In [1]:
import os
import sys
# add parent directory to path to be able to load local RLC lib.
module_path = os.path.abspath(os.path.join('..'))
if module_path not in sys.path:
    sys.path.append(module_path)

In [2]:
%load_ext autoreload
%autoreload 2

In [3]:
from RLC.move_chess.environment import Board
from RLC.move_chess.agent import Piece
from RLC.move_chess.learn import Reinforce

In [4]:
env = Board()
env.render()
env.visual_board

[['[S]', '[ ]', '[ ]', '[ ]', '[ ]', '[ ]', '[ ]', '[ ]'],
 ['[ ]', '[ ]', '[ ]', '[ ]', '[ ]', '[ ]', '[ ]', '[ ]'],
 ['[ ]', '[ ]', '[ ]', '[ ]', '[ ]', '[ ]', '[ ]', '[ ]'],
 ['[ ]', '[ ]', '[ ]', '[ ]', '[ ]', '[ ]', '[ ]', '[ ]'],
 ['[ ]', '[ ]', '[ ]', '[ ]', '[ ]', '[ ]', '[ ]', '[ ]'],
 ['[ ]', '[ ]', '[ ]', '[ ]', '[ ]', '[ ]', '[ ]', '[ ]'],
 ['[ ]', '[ ]', '[ ]', '[ ]', '[ ]', '[ ]', '[ ]', '[ ]'],
 ['[ ]', '[ ]', '[ ]', '[ ]', '[ ]', '[F]', '[ ]', '[ ]']]

# model free methods

Previously the shown methods were used to predict the environment state based on the previous state and the transition probabilities to those states. However, in some cases the environment is an unknown as well, making these methods not useful e.g. flying a drone (control). For these cases we use model-free methods i.e. techniques that don't leverage any prior knowledge about the environment's dynamics. We can use them to either predict or control. In prediction we try to estimate the value function of an unknown MDP, while in control methods we try to optimize the value function of an unknown MDP. Control based methods are used for problems where the MDP is unknown but the experience can be sampled or problems with known MDP where the model is too big to use and needs to be sampled.

Prediction:
- Monte Carlo policy evaluation
- Temporal Difference (TD) Learning
- TD-Lambda


Control:
- on-policy / off-policy Monte carlo (action-value)
- State–action–reward–state–action (Sarsa)
- Q learning

# Prediction

We predict the value function by sampling (policy evaluation).
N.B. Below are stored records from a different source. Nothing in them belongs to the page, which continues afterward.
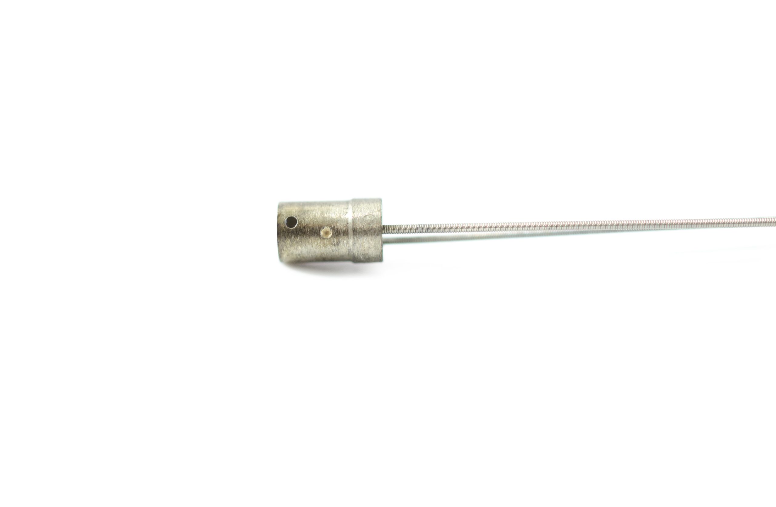 Comes with coil pipe fitting, and coil pipes soldered onto the coil pipe fitting. This part is soldered at the distal end of the insertion tube. This part guides the angulation wires through the insertion tube to the angulation control mechanism in the Upper Control Body Assembly. Includes Coil Pipe Fitting and Coil Pipes.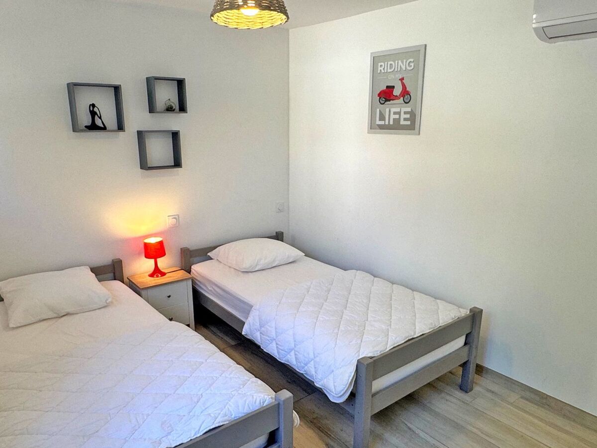 - Chambre 2 climatisée : 2 lits simples (90cm) avec placards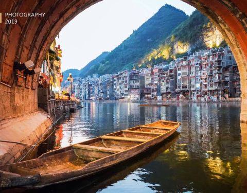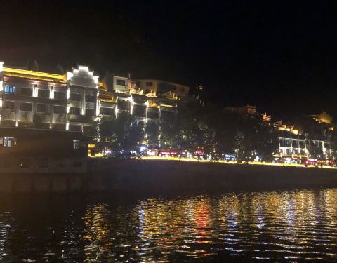 从镇远火车站出站,坐一路公交,到米码头下,便是新大桥,开始游览古城,一直到古老的祝圣桥,新大桥车来车往,晚上的夜景这里也特别的美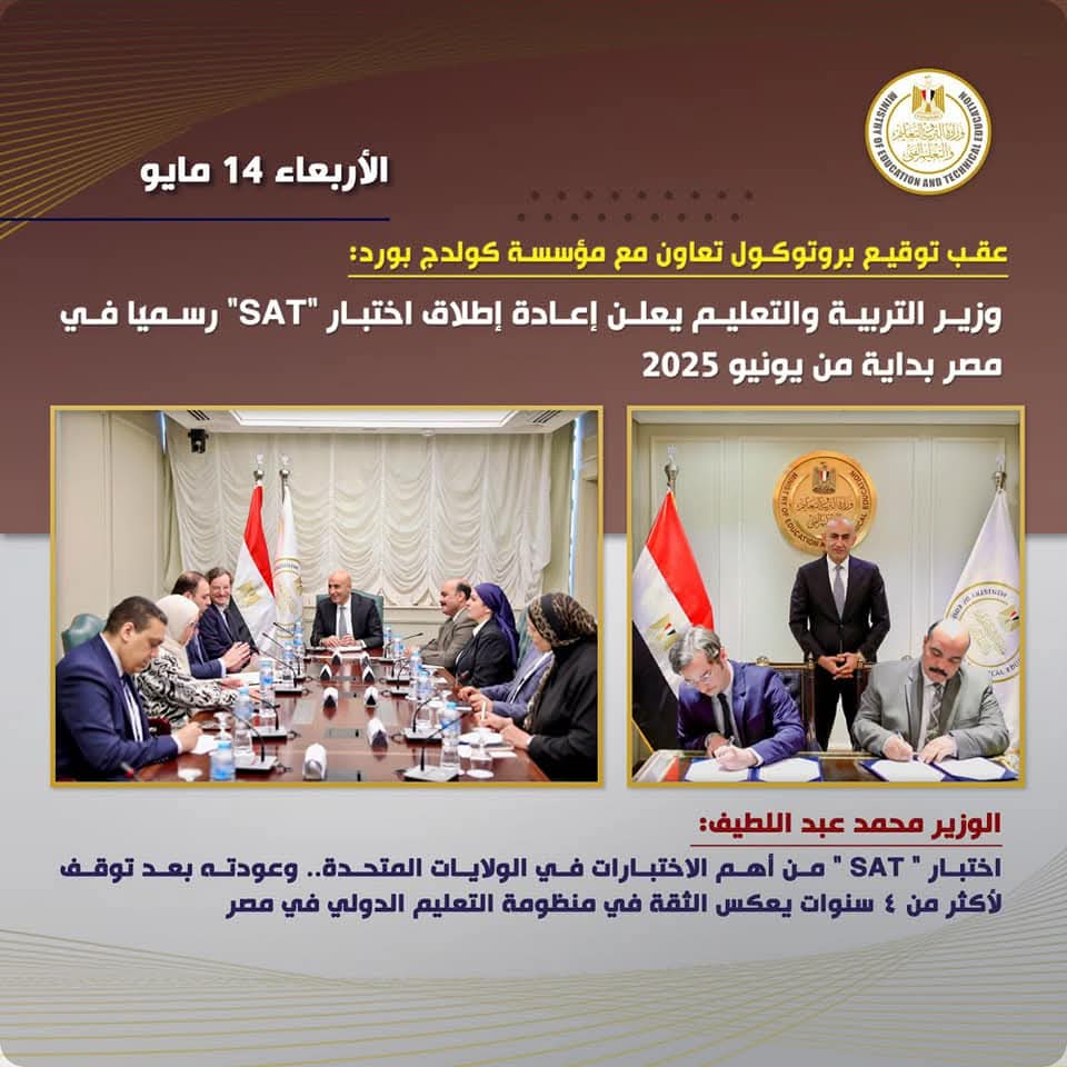 ويأتي توقيع هذا البروتوكول في إطار رؤية وزارة التربية والتعليم لتطوير منظومة التعليم ما قبل الجامعي، وتعزيز برامج الاستعداد الجامعي المعترف بها عالميًا، وعلى رأسها إعادة تقديم اختبار SAT في مصر بداية من شهر يونيو المقبل.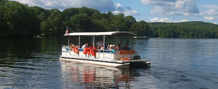 Explore Lake Quassapaug by pedal boat with two- and four-seat options available at the boat landing near Quassy Restaurant. This easy, relaxing activity is perfect for families, couples, or anyone looking to enjoy the lake at a slower pace together.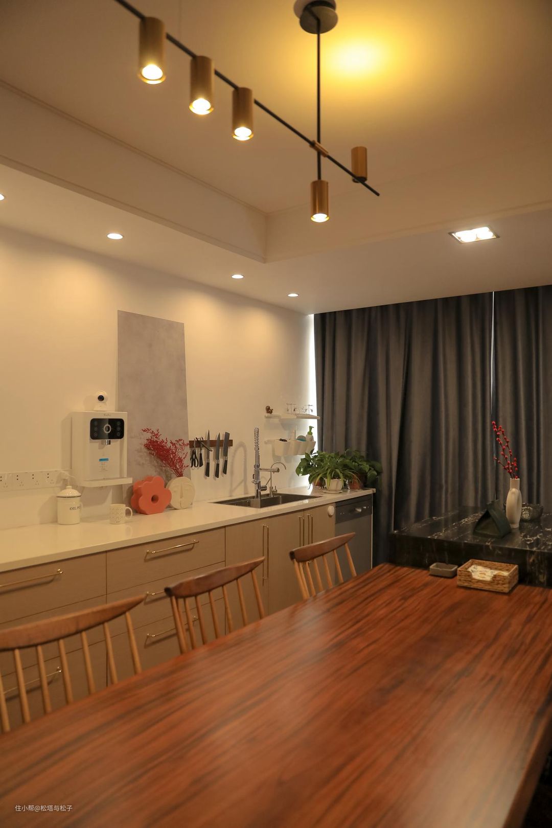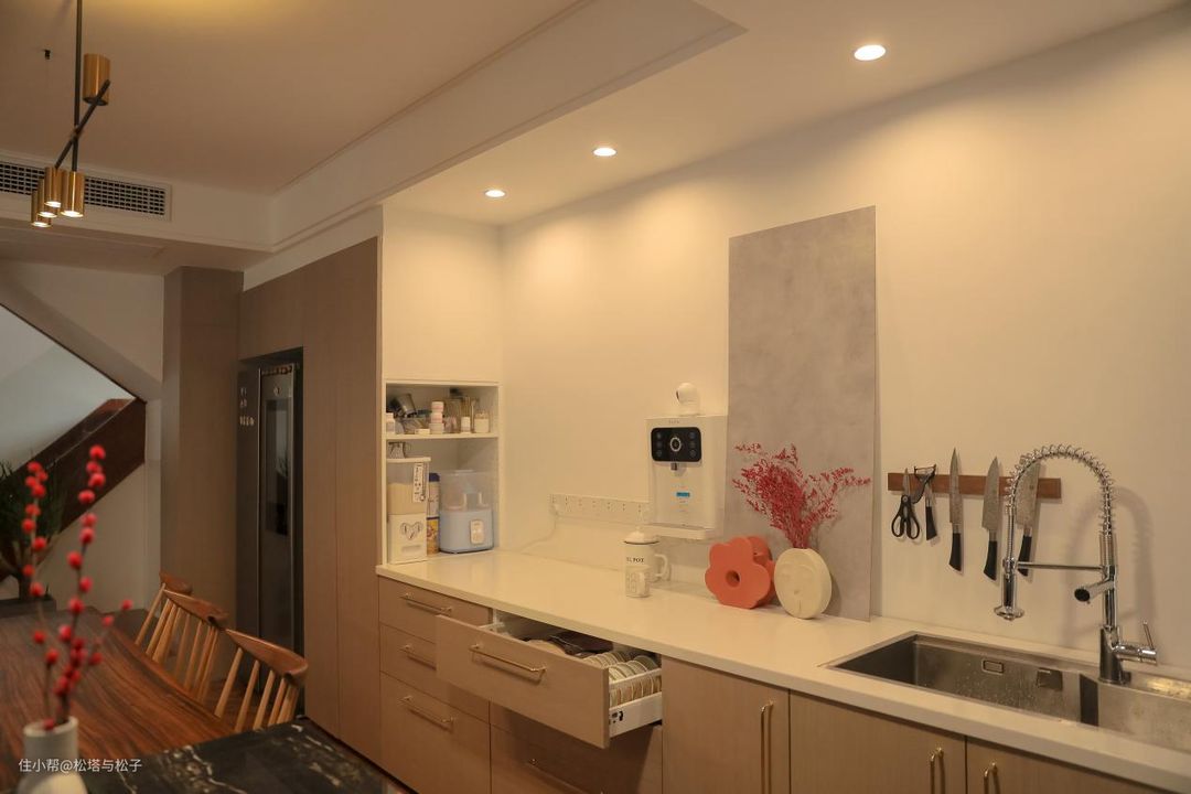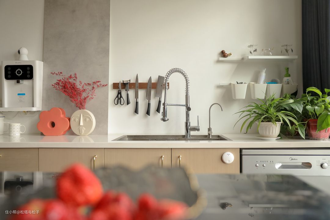 嵌入式射灯全屋其实只有两个,分别是西厨岛台和客厅正中心。想象着孩子长大后我会在两侧沙发的中央放上茶几,茶几上的饰物需要聚光灯的照射。岛台已经充分发挥了这个功能啦,花瓶、干花玻璃罐、果盘、牛皮抽纸盒、藤编餐巾纸盘依次登场,强光之下放啥都美。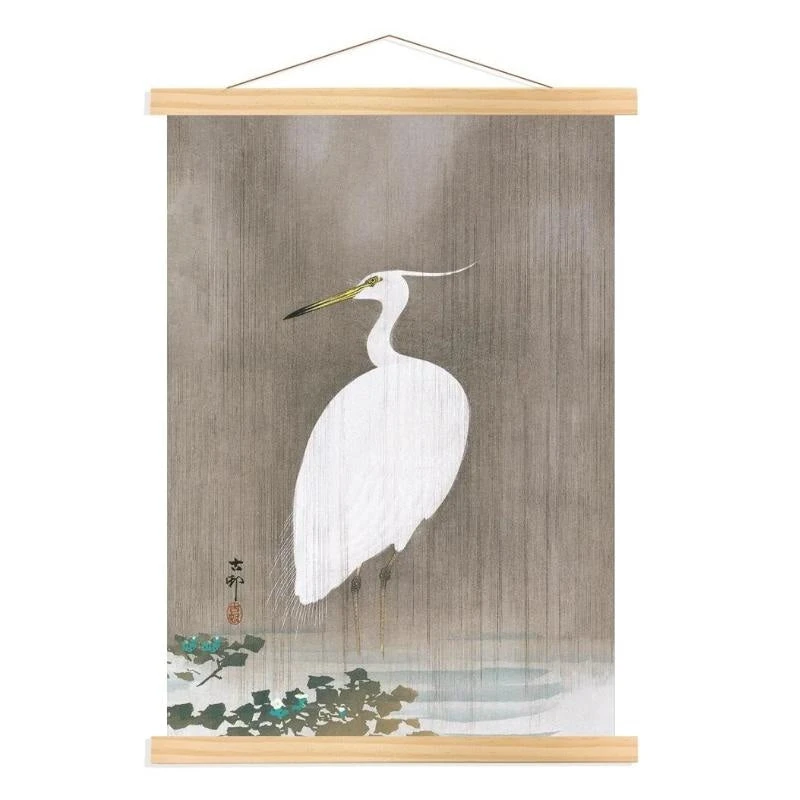 This Japanese artwork is perfect to add a Japanese touch to your home. Soothing, it represents a white egret under the rain, symbol of good omen. Slipped under a frame or hung with a wooden poster holder, this Japanese decoration will look great on the wall of your living room, office or bedroom.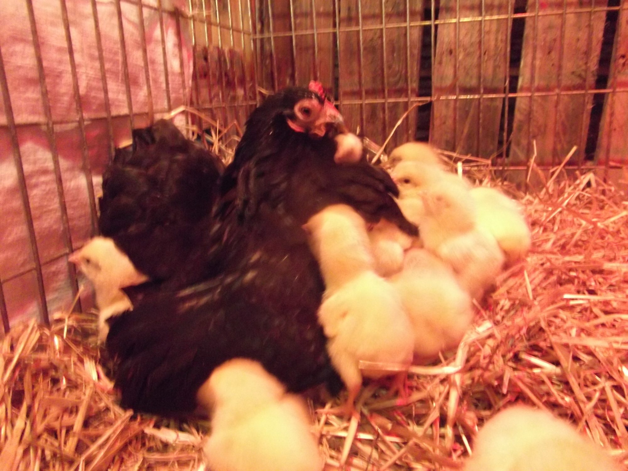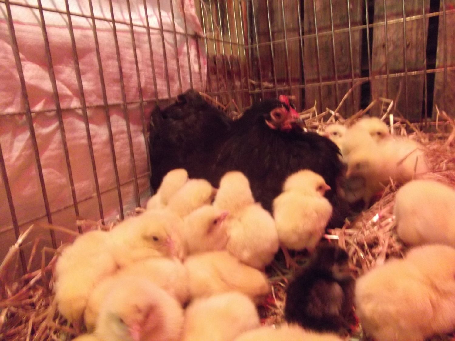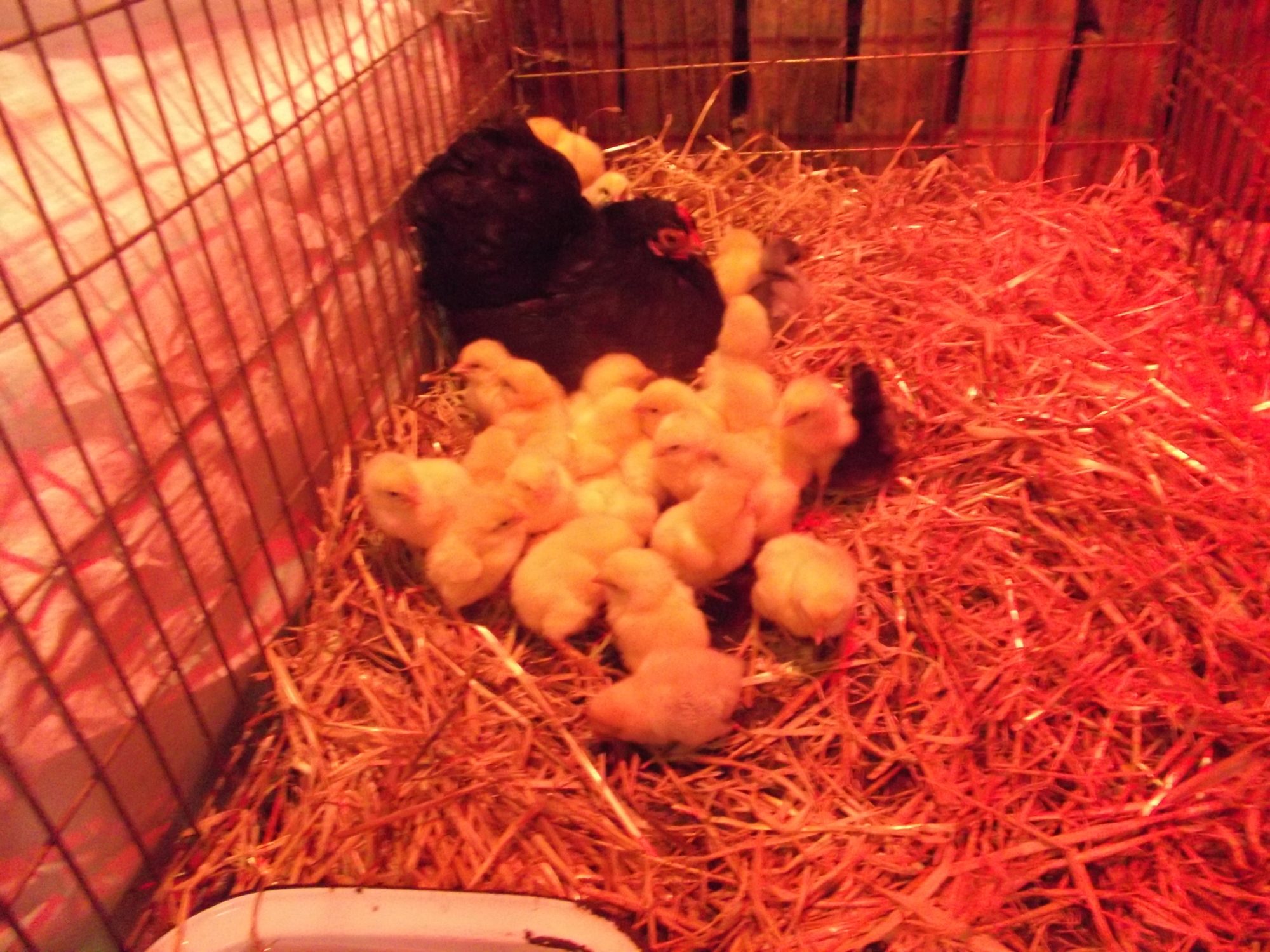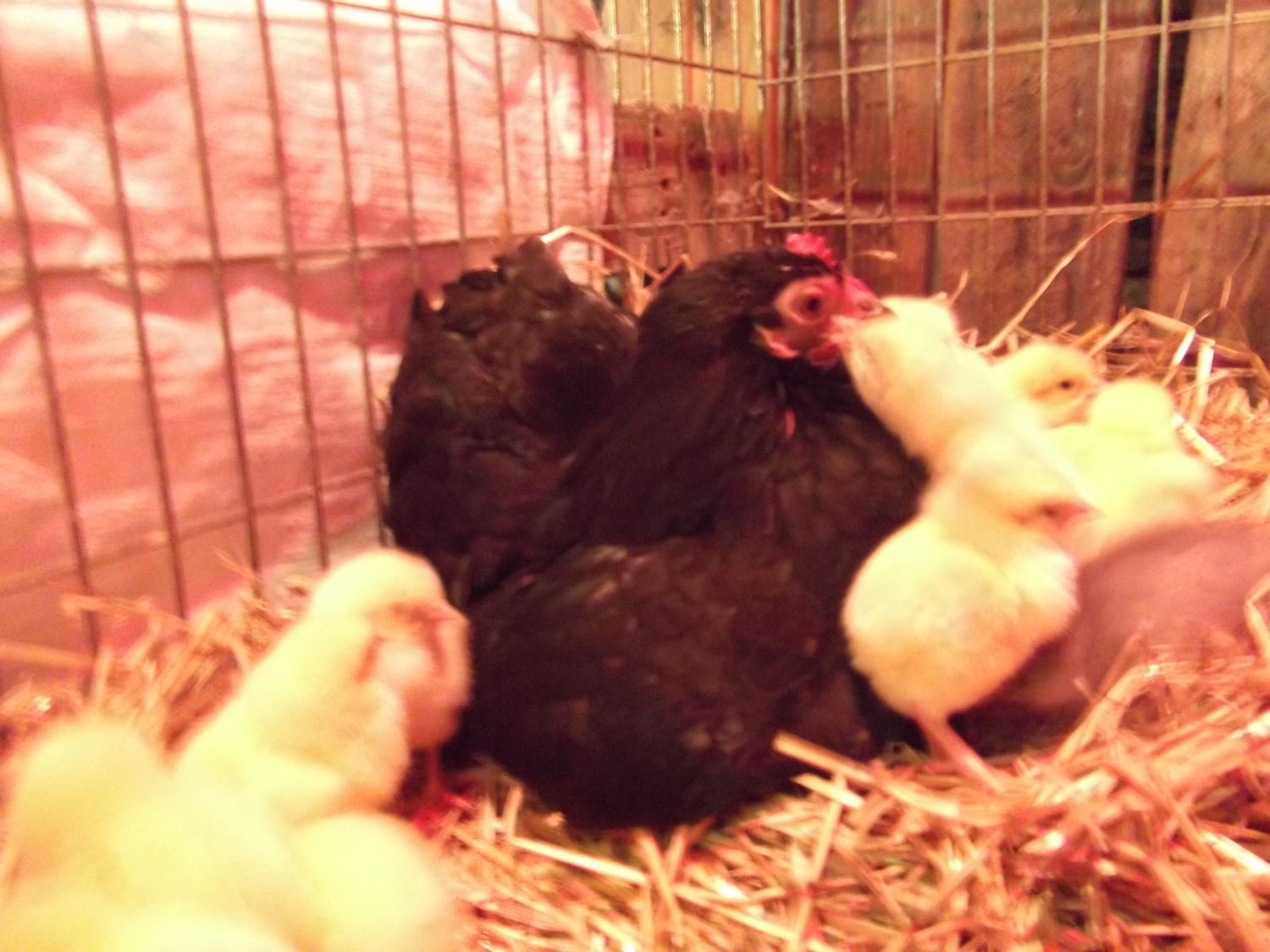 Thank you! If you haven't been following my earlier thread this morning she had three chicks and we bought 26 and put them in a cage next door and they squeezed through the bars to her. She doesn't have the room for all of them but somehow they almost fit!
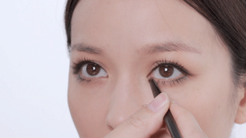 用眼线胶笔画出内眼线,在靠近眼尾的位置逐渐加粗,稍向外拉长;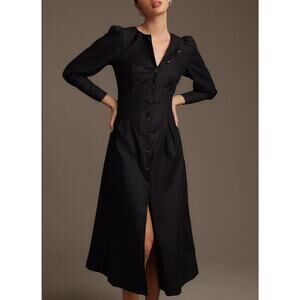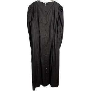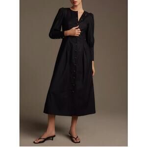 NEW Reformation Halia Long Sleeve Button-Front Midi Dress Size 12 Black Cotton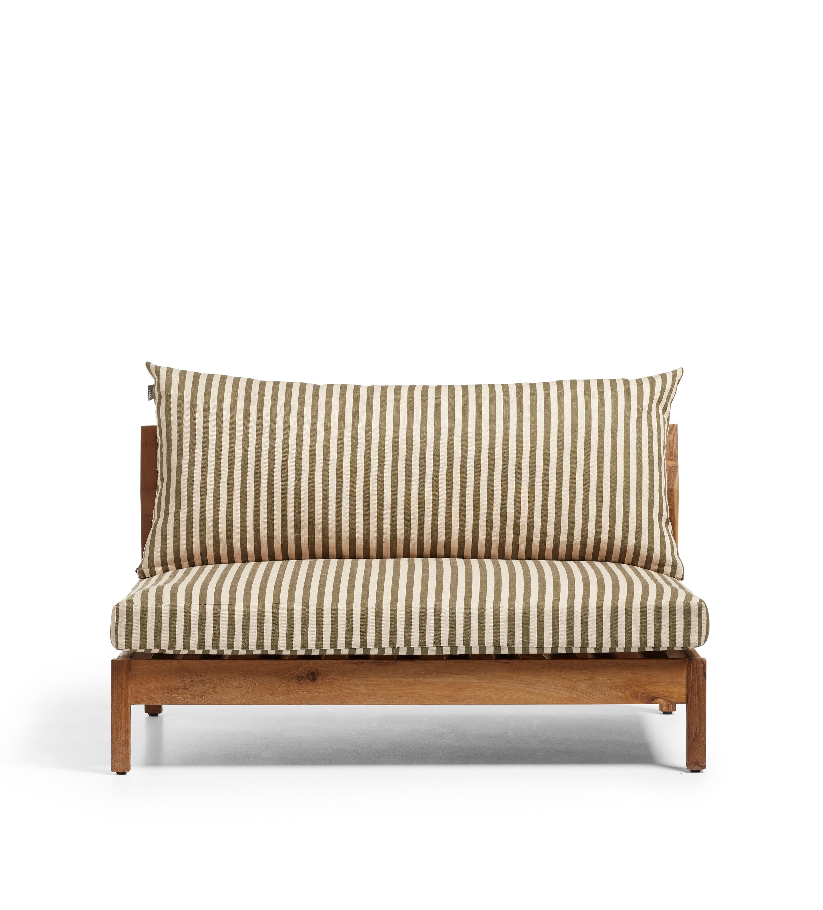 Inspired by the olive tree, the Olivo Wooden Corner Extension brings a touch of Mediterranean living to your outdoor space. Crafted from solid teak wood and topped with printed stripe woven cushions, its modular design allows you to create a layout to suit your space. The playful Olive stripe makes this a statement piece for any terrace or garden.

## Online vs Offline learning

Here online learning means that the result is updated after each instance that comes in (i.e. sliding window). Offline means that the result is only updated when all data to calculate the next result are in.

## on-policy vs off-policy learning

On-policy learning is learning about policy $\pi$ from experience by sampling from $\pi$.
Off-policy learning is learning about policy $\pi$ from experience by sampling from $\mu$.This is important because in this case we can learn form old policies. We can learn the optimal policy while following an exploratory policy and learn about multiple policies while following one policy. The policy used to generate the behavior is called the behavior policy, while the policy that is being improved is called the estimation policy.

## Monte Carlo (MC) policy evaluation

Monte-Carlo method samples actions until the end of an episode to approximate total rewards. Most reinforcement learning problems can be broken down into sequences in which an agent interacts with its environment until it reaches a certain terminal state that initiates a reset to its initial state. This is an episode.

In MC RL the goal is to learn the value function v under policy $\pi$ from episodes building experience. 
The expected return is replaced by the emperical mean return. (return is the total discounted reward $G_{t} = R_{t+1} + \gamma R_{t+2} + ... + \gamma^{T - 1} R_{T}$). We can use first / every visit MC, this means we update the average return the first / every time the state s is visited in an episode.

- initialize
- repeat
    - Generate an episode using $\pi$
    - for each s in episode:
        G = Return following the first / every occurence of s
        $$N(s) = N(s) + 1$$
        $$S(s) = S(s) + G$$
        $$v(s) = S(s) / N(s)$$

By the law of large numbers policy evaluation will converge. 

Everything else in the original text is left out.